I neither sell nor burn on to disk for profit but purely so I can listen to music that is at the moment sitting in racks gathering dust. I would like to buy a new stereo with a turntable but other things eat my cash.

I do not condone denying payment to originators/owners of work their dues in any way. I still do by cd's/dvd's when I can afford them and will continue to.

I suppose this is not new but this argument started with reel to reel tape recorders and then with cassette recorders.

  Forum Editor 20:31 25 Mar 2005

so why should I pay a second time just because I can no longer play the original(?)"

Because the copyright owner has no way of knowing, Jak_1. A million people could say "Oh dear, I bought a Vinyl Elvis LP, but now I don't have a record player, so I'll just fire up my computer and steal a fresh copy". It doesn't work that way, Jak_1. When you bought the LP you bought the right to play it as many times as you liked, you didn't buy an automatic right to copies of the music in whatever medium you fancy, ad infinitum. It's a licence to play a specific copy that you buy, not the music itself.

"I would like to buy a new stereo with a turntable but other things eat my cash"

Well I'm sorry, but that's hardly the fault of the copyright owners is it?

  josie mayhem 20:39 25 Mar 2005

One court case I would like to see, if a company like sony sueing some-one for ilegaly copying one of there artist records. Then being countered sued for aiding and abetting the person to copy that record.

Because could sony be concidered as aiding and abetting, when you think about it, they do produce the kit that enable us to copy.

2 years ago I brought my husband a sony cd player, which could read cd-rw and also play mp3. Included in the package was software that enable you to copy dozens of cd's onto one cd, I think it was something like 20 all in tow.

So were do I stand, the law says that I can't brake copyright, but if I use this peice of software that sony gave to me to use on there walkman, then I've broken the law.

So surely if I do make up one a disk of albums using the software they gave me, then they've not only encouraged me to brake the law, but have aided and abetted as well. As I wouldn't have done it wth out there help?

  The Spires 21:30 25 Mar 2005

I do fail to see the difference between burning onto DVD every episode of Star Trek via Sky or BBC2 onto a non Pc DVD burner which no one has a problem with (on here at least). And then to copy onto via hiring or borrowing the DVD collection, the outcome is the same, yet one is frowned upon the other is not. This causes in my view 90% the population having no idea what is legal and what is not.
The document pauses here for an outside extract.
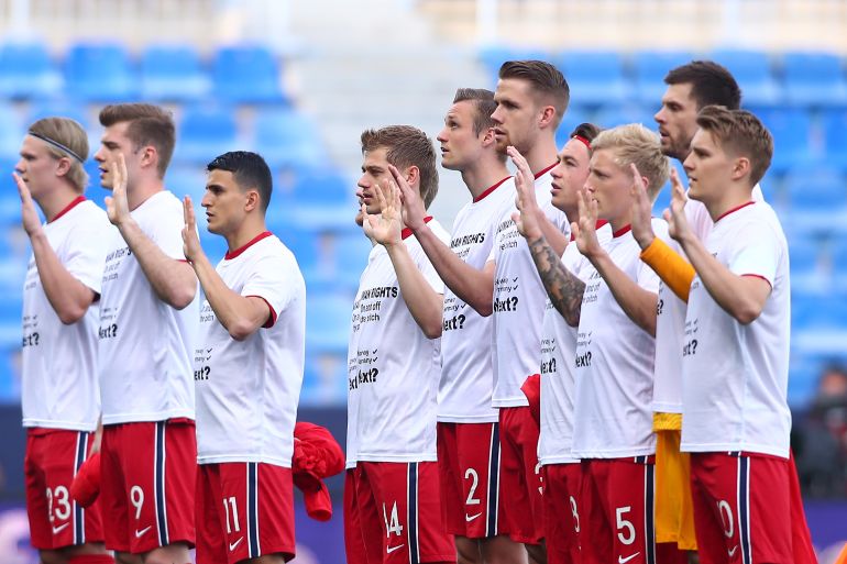 Before recent games, Borussia Dortmund star Erling Haaland, captain Martin Odegaard and their teammates wore t-shirts with slogans like “HUMAN RIGHTS On and off the pitch”.

Copying off VHS onto home DVD burner ones collection of old films seems ok too, yet regardless of quality, an item is either copyrighted or not, you can't move the goalposts around when you wish to.

Sony as I see it are a case of wanting the cake & eating it too, they own Columbia records, yet will sell you a Cd (or DVD Burner) burner & the blank Cd’s (DVD’s) to burn onto & in the past have sold Cd players which will cut an album into 45 minute segments to fit onto a C90 cassette, and sell you the cassette to copy it onto. Conflicting signals are being sent & have always been sent. That's my view.

  ahales42 22:33 25 Mar 2005

I`ve always found it strange that record/film companies will sell you the hardware and software to copy cd`s/dvd`s, and then tell you that if you use it, it`s illegal. However. Now you can legally download it all by paying for it. So no need to buy another cd/dvd again. I`m sure virgin,HMV etc, are just loving this.